**Work instructions:** Leaving the images behind, copy every line of the records exactly.

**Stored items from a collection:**

------------------------

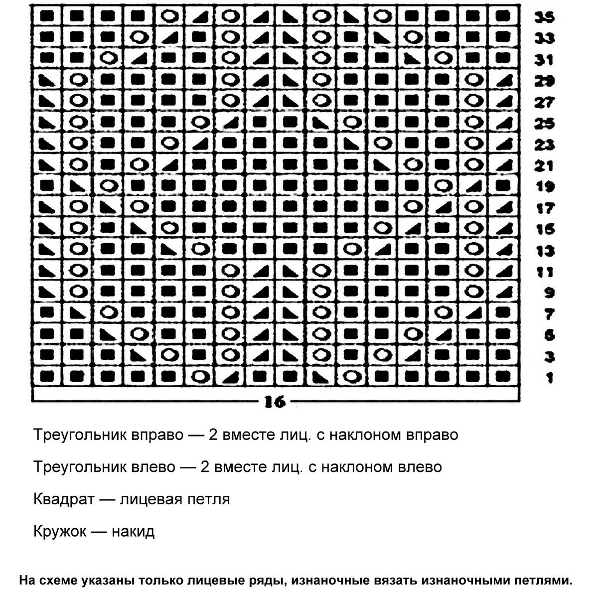 Раппорт узора 16 петель. Схема для кругового вязания — указаны и лицевые, и изнаночные ряды.
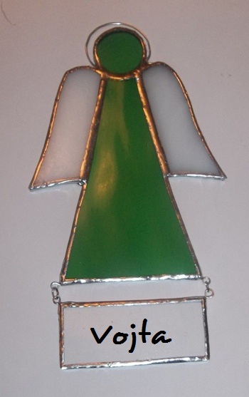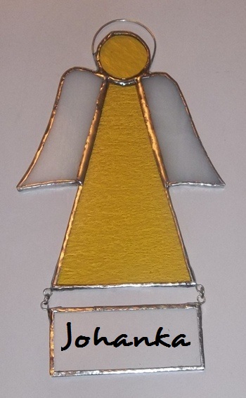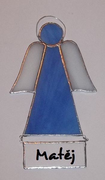 Talizman - sklenený vitrážový anjelik Aitu s krstným menom Vášho bábätka!
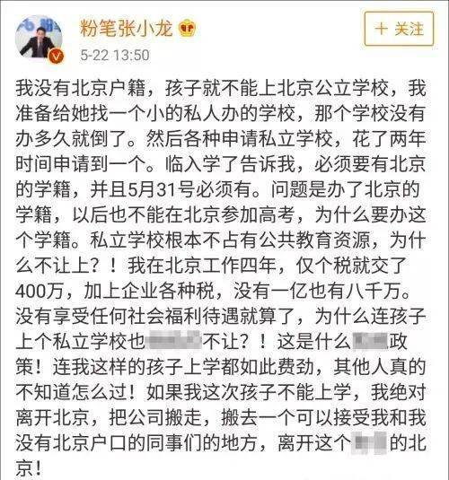 然而现实就是这样,没有北京户口,即便你是上市公司CEO,也照样要接受子女无法上学的事实。粉笔CEO张小龙就遇到了这个问题,并且一度在微博上强烈吐槽:仅个税就交了400万,孩子公立学校去不了就算了,连私立学校都不让上!
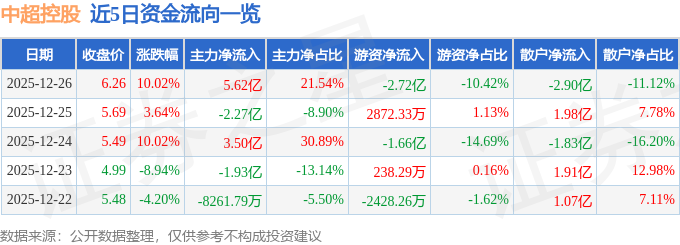 证券之星消息,截至2025年12月26日收盘,中超控股(002471)报收于6.26元,上涨10.02%,涨停,换手率31.85%,成交量427.67万手,成交额26.07亿元。
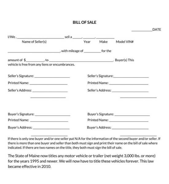 Car Bill of Sale for Maine Free Forms (Word PDF)

------------------------

**Answer section:**
 Раппорт узора 16 петель. Схема для кругового вязания — указаны и лицевые, и изнаночные ряды.
 Talizman - sklenený vitrážový anjelik Aitu s krstným menom Vášho bábätka!
 然而现实就是这样,没有北京户口,即便你是上市公司CEO,也照样要接受子女无法上学的事实。粉笔CEO张小龙就遇到了这个问题,并且一度在微博上强烈吐槽:仅个税就交了400万,孩子公立学校去不了就算了,连私立学校都不让上!
 证券之星消息,截至2025年12月26日收盘,中超控股(002471)报收于6.26元,上涨10.02%,涨停,换手率31.85%,成交量427.67万手,成交额26.07亿元。
 Car Bill of Sale for Maine Free Forms (Word PDF)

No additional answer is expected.